Modern deep learning based HTR models [28, 40, 26] mostly tackle these challenges by resourcing to a large amount of training data. The hope is that most style variations would have already been captured because of the data volume. Albeit with limited success, it had become apparent that these models tend to over-fit to styles already captured, but generalising poorly to those unseen. This is largely owning to the uniquely different styles amongst writers -there is always a new style that is unobserved, and is drastically different to the already captured (see Figure  1 ). The practical implication of this is, e.g., my iPad does not recognise my handwriting as well as it does for my 4- year-old. Our ultimate vision is therefore to offer an "adapt to my writing" button, where one is asked to write a specific sentence, so to make recognition performance of my own writing on par with that of my child.

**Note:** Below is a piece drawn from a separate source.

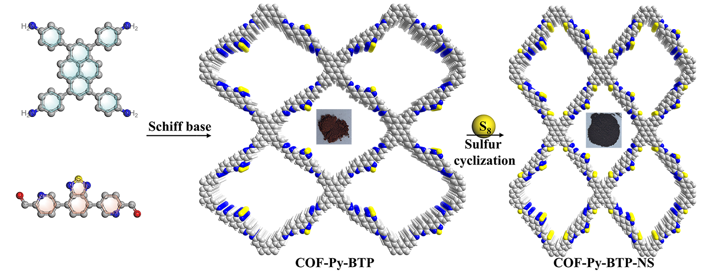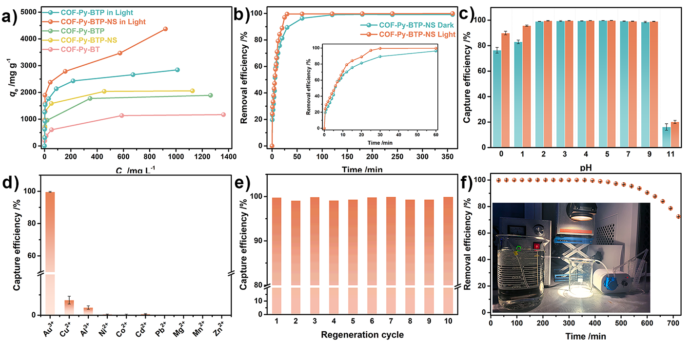 针对上述问题,williamhill中国官网梁志强教授和宋晓伟教授课题组联合香港城市大学孙立波研究员,将吡啶单元引入5,5'-(苯并[c][1,2,5]噻二唑-4,7-二基)二吡啶醛的受体片段,并与芘基电子供体单元结合,构建出D−A型COF-Py-BTP。COF-Py-BTP中的吡啶单元通过与亚胺氮原子形成配位位点捕获金离子。此外,进一步通过将可逆亚胺连接的COF-Py-BTP转化为不可逆噻唑连接的COF-Py-BTP-NS,获得了一种高度共轭且超稳定的光辅助金捕获材料。与COF-Py-BTP相比,COF-Py-BTP-NS不仅具有更快的电子分离和转移能力,而且通过引入硫原子提高了金捕获效率。在光照条件下,COF-Py-BTP-NS的Au(III)捕获容量显著提升至4374 mg g–1,优于众多的金吸附材料,同时对于众多的干扰离子具有优异的吸附选择性,并在多次循环中保持稳定。DFT计算证明了噻唑链接的COF-Py-BTP-NS具有更低的金吸附能量。COF-Py-BTP-NS对于实际电子废弃物同样具有优异的金回收效率,填充柱实验证明了其在光照下对于电子废弃物中的金提取具有长时的高选择性与回收率。

Prior work on resolving the style gap remains very limited. A very recent attempt turns to training using synthetic data, so to help the model to become more accommodating towards new styles [24] . However, synthetic data can hardly mimic all writer-specific styles found in the real-world, especially when the style is very unique. Although domain adaptation and generalisation approaches might sound viable, they generally do not offer satisfactory performance (as shown later in experiments), and require additional training via multiple gradient update steps. The sub-optimal performance can be mostly attributed to the large and often very unique domain gaps new writing styles bring, as opposed to the common dataset biases studied by domain adaption/generalisation.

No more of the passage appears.